The question of negligence comes down to established standards, and computer security standards are evolving. Federal laws such as the Sarbanes-Oxley Act and the Health Insurance Portability and Accountability Act, along with industry standards such as ISO 17799 and BS7799, have created expectations for companies to meet.

"Companies have to be aware that their behavior, their security and their technology will be measured against something, either standards in the industry or what they told their customers they'd be doing," says Melise R. Blakeslee, a partner in the Washington office of the technology transactions and e-business group at law firm McDermott Will & Emery LLP.

Claiming negligence isn't the only potential legal strategy. Some lawyers say trespass, intentional interference with existing or prospective business relations and disturbance of quiet enjoyment could apply as well.

"These are common law doctrines from England. Here the disturbance would be disturbing your own right to use your computer servers," Cole explains. "[Lawyers] have creatively used old legal doctrine to address the question of liability with spam, and I think the next wave of litigation will be in the virus area."

Far-fetched? Not quite. Jeskie points to the case of Intel Corp. v. Hamidi in 2003, where Intel accused former employee Kourosh Kenneth Hamidi of trespass for inappropriate use of e-mail.
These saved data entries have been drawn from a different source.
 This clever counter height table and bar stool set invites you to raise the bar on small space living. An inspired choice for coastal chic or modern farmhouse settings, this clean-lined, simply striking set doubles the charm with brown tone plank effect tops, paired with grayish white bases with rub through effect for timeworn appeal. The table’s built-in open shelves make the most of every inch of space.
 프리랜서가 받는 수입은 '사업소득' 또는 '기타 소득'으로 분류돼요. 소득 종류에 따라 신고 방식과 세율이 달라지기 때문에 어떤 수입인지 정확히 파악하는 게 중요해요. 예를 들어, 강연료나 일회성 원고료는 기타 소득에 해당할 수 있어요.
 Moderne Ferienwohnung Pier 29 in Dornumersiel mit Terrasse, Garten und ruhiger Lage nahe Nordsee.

Although Intel was unsuccessful in its claim, Jeskie says the well-known case shows how old laws can be used today.

Companies are also using contracts to prevent such situations, experts say. "It is becoming increasingly common to see a clause that deals with the other party's duties to deal with worms and viruses and other types of things that can cause disruptions," Blakeslee says.

These clauses give companies another course of legal action: They can claim breach of contract if malware gets through and the contractual security measures weren't up to snuff.
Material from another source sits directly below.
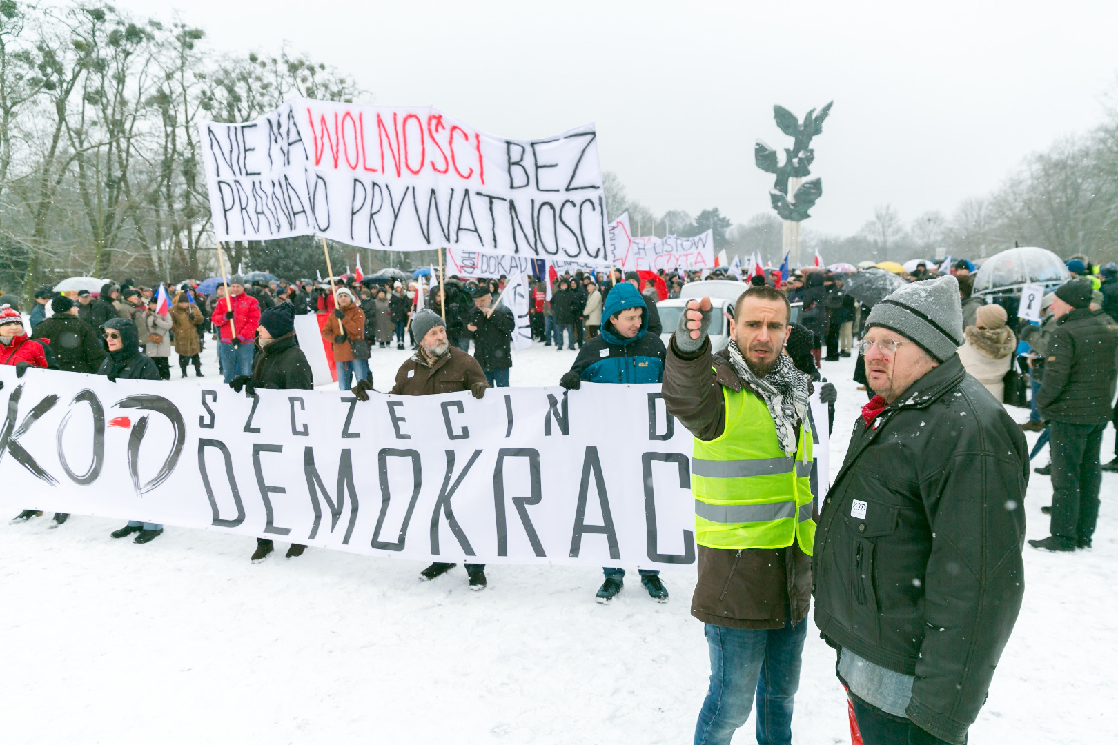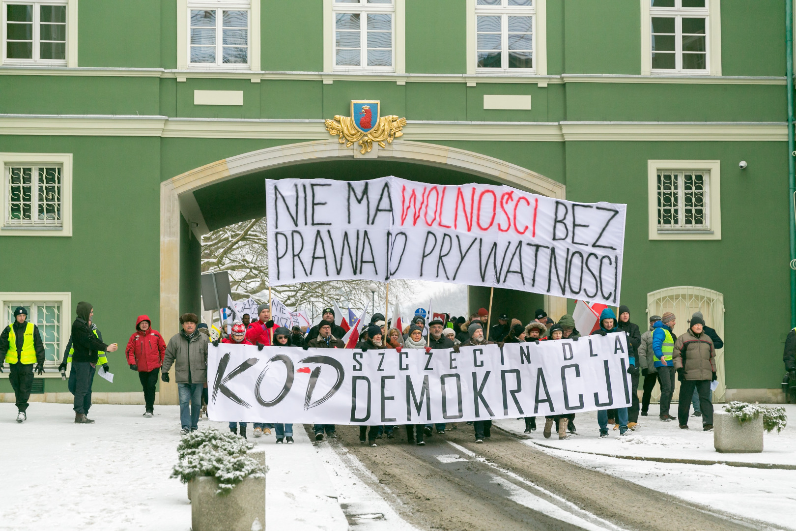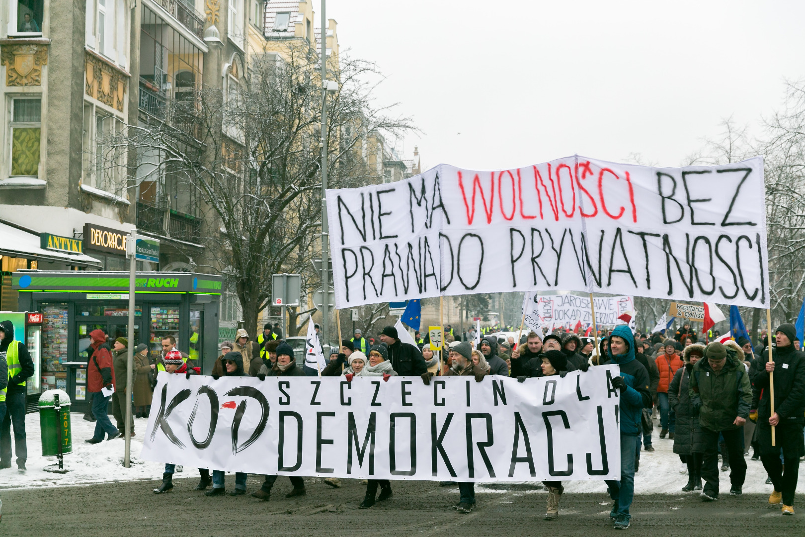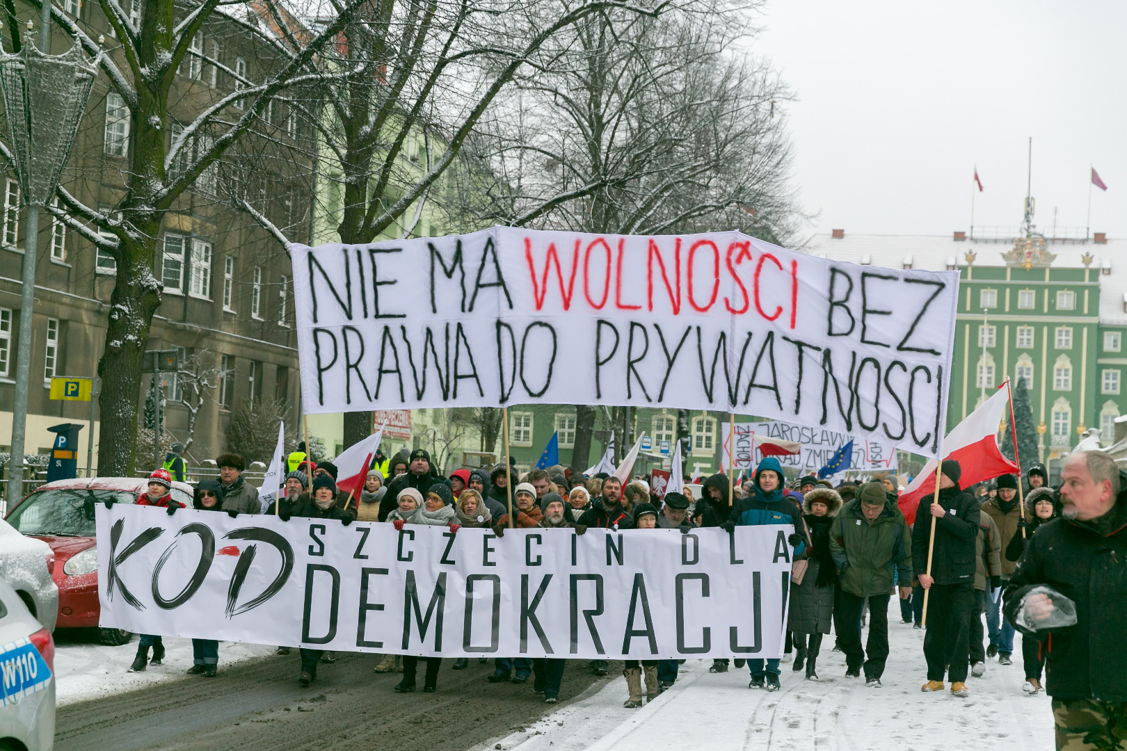 „Demokracja w Twoich rękach, pokaż Polsce, że nie pękasz", „Nie ma wolności bez prywatności" - takie m.in. hasła pojawiły się na transparentach podczas manifestacji zorganizowanej przez szczeciński Komitet Obrony Demokracji w sobotę (23 stycznia)

"You can track the use of that language with the growth of viruses," Kirchhoefer says.

Not everyone sees increasing litigation forthcoming, however, especially in cases where malware is passed along via e-mail.

"Yes, people are thinking about the general topic, but liability for sending a virus through an e-mail looks to be one of the more difficult places for a successful lawsuit. And if you see a case like that, it's going to be a real fluke," says Benjamin Wright, a Dallas attorney who wrote Business Law and Computer Security (SANS Press, 2004).

Kirchhoefer agrees that a negligence lawsuit against a company that passed along malware via e-mail would be a hard case to win. After all, he says, both companies share responsibility for keeping their systems safe.

But that won't keep companies from filing suit, some say.

"We're always looking for someone else to assume the blame, to assume the liability," says Nancy Flynn, founder and executive director of The ePolicy Institute in Columbus, Ohio. "So it would make sense that at some point someone will try to sue over the issue of a virus getting into the system."